**WHAT YOU HAVE TO DO**
Return the following data exactly, with all pictures left out.

**SOURCE DATA**
• • • • •

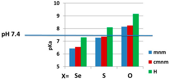 We hypothesize that the prevailing content of ZI forms of 1 and 2 ensure the recognition of the 3′-G-ended mRNA codons and that these Se2U-G base pairings are stronger than the S2U-G pairings delivered by 5 and 6; this was previously confirmed by functional studies [47]. Similarly, 5 and 6, besides improved reading of A, can also read G units [45]. C5-Modified Us recognize 5′-NNA-3′ codons well, according to Watson–Crick base pairing. This “ranking” (order of appearance) is in accordance with our earlier observations, demonstrating that UZI-G base pairing decreases in the order Se2U > S2U > U. However, the exceptions are wobble uridine τm5U and 2-thiouridine τm5S2U (containing a taurinomethyl C5-side chain), which exhibit pKa values of 7.51 and 7.10, respectively, i.e., much below the values for modified uridines 8 and 9, but similar to those found for 5 and 6. These taurine modifications are supposed to allow for the reading of both A and G units in synonymous mRNA codons, while their absence causes discriminate reading of G-ended codons and results in mitochondrial genetic disorders called MEERF and MELAS [71,73].
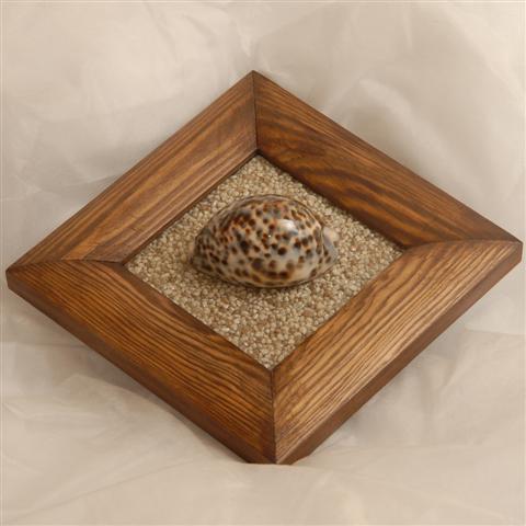Dekor w ramce drewnianej - muszla Cyprea tigris 1
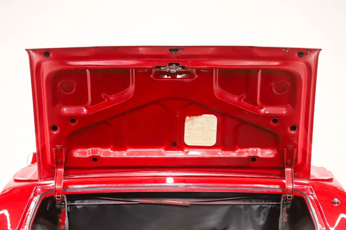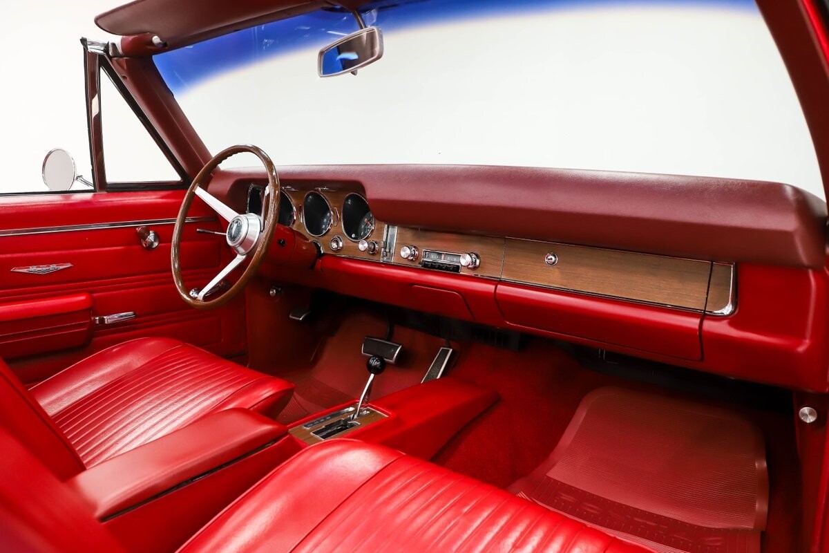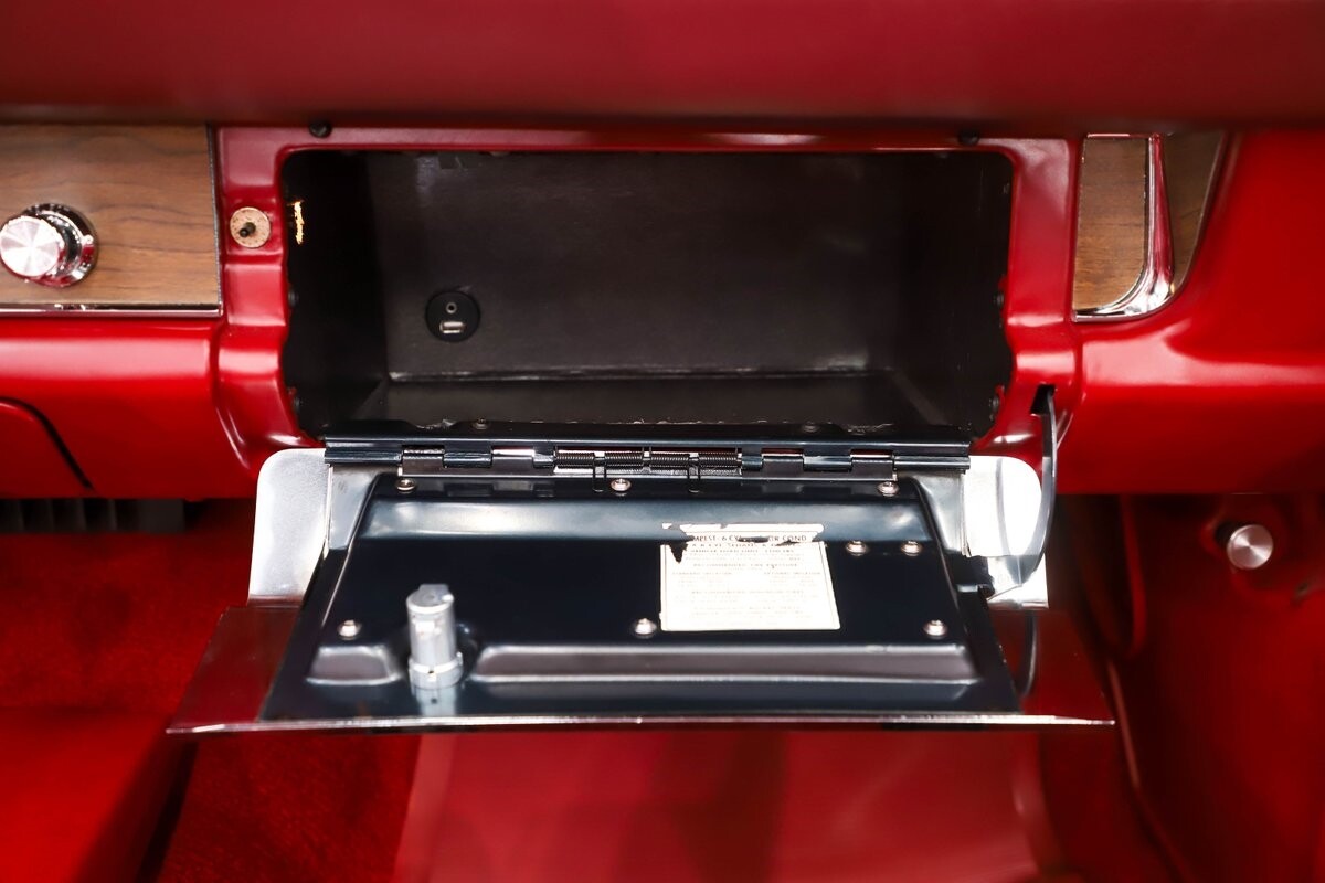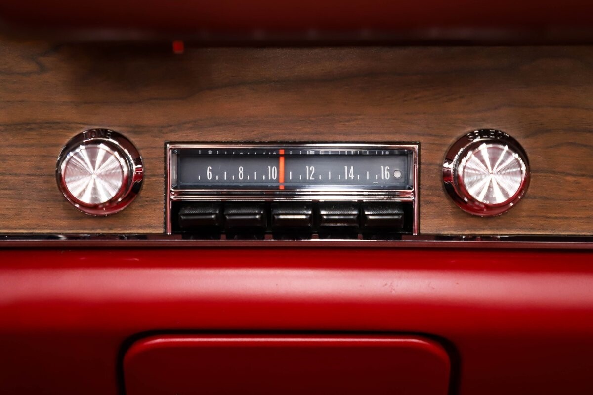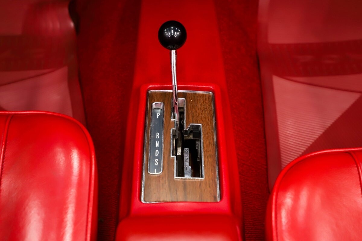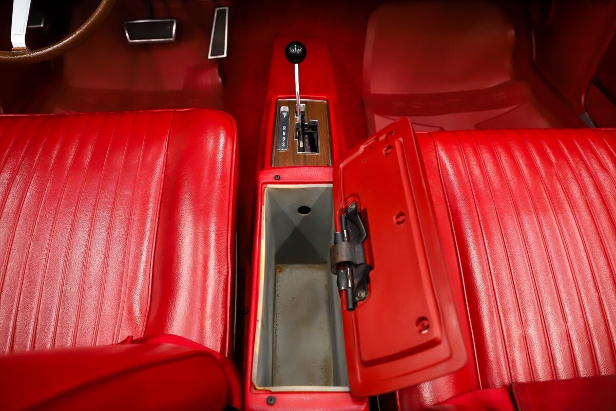 INTERIOR: Is red your favorite color? Inside the jams are painted slick just like the exterior and the door panels have been replaced. The front bucket seats have been reupholstered and look great. It has a center console and Hurst dual gate shifter that are in good shape and appear to be original. The sun visors and review mirror look original as well. All the interior lights are working including the glove box light. The dash pad has been replaced and all the gauges are original. The factory clock is working. The original radio has been professionally rebuilt and has Bluetooth capabilities with an auxiliary cable to plug in your devices that is hidden in the ashtray. The original tilt steering column and steering wheel are in great shape. The rear seat has been reupholstered to match the front. All the carpeting has been replaced and it has rubber floor mats.

• • • • •

**WORKED SOLUTION**
 We hypothesize that the prevailing content of ZI forms of 1 and 2 ensure the recognition of the 3′-G-ended mRNA codons and that these Se2U-G base pairings are stronger than the S2U-G pairings delivered by 5 and 6; this was previously confirmed by functional studies [47]. Similarly, 5 and 6, besides improved reading of A, can also read G units [45]. C5-Modified Us recognize 5′-NNA-3′ codons well, according to Watson–Crick base pairing. This “ranking” (order of appearance) is in accordance with our earlier observations, demonstrating that UZI-G base pairing decreases in the order Se2U > S2U > U. However, the exceptions are wobble uridine τm5U and 2-thiouridine τm5S2U (containing a taurinomethyl C5-side chain), which exhibit pKa values of 7.51 and 7.10, respectively, i.e., much below the values for modified uridines 8 and 9, but similar to those found for 5 and 6. These taurine modifications are supposed to allow for the reading of both A and G units in synonymous mRNA codons, while their absence causes discriminate reading of G-ended codons and results in mitochondrial genetic disorders called MEERF and MELAS [71,73].
Dekor w ramce drewnianej - muszla Cyprea tigris 1
 INTERIOR: Is red your favorite color? Inside the jams are painted slick just like the exterior and the door panels have been replaced. The front bucket seats have been reupholstered and look great. It has a center console and Hurst dual gate shifter that are in good shape and appear to be original. The sun visors and review mirror look original as well. All the interior lights are working including the glove box light. The dash pad has been replaced and all the gauges are original. The factory clock is working. The original radio has been professionally rebuilt and has Bluetooth capabilities with an auxiliary cable to plug in your devices that is hidden in the ashtray. The original tilt steering column and steering wheel are in great shape. The rear seat has been reupholstered to match the front. All the carpeting has been replaced and it has rubber floor mats.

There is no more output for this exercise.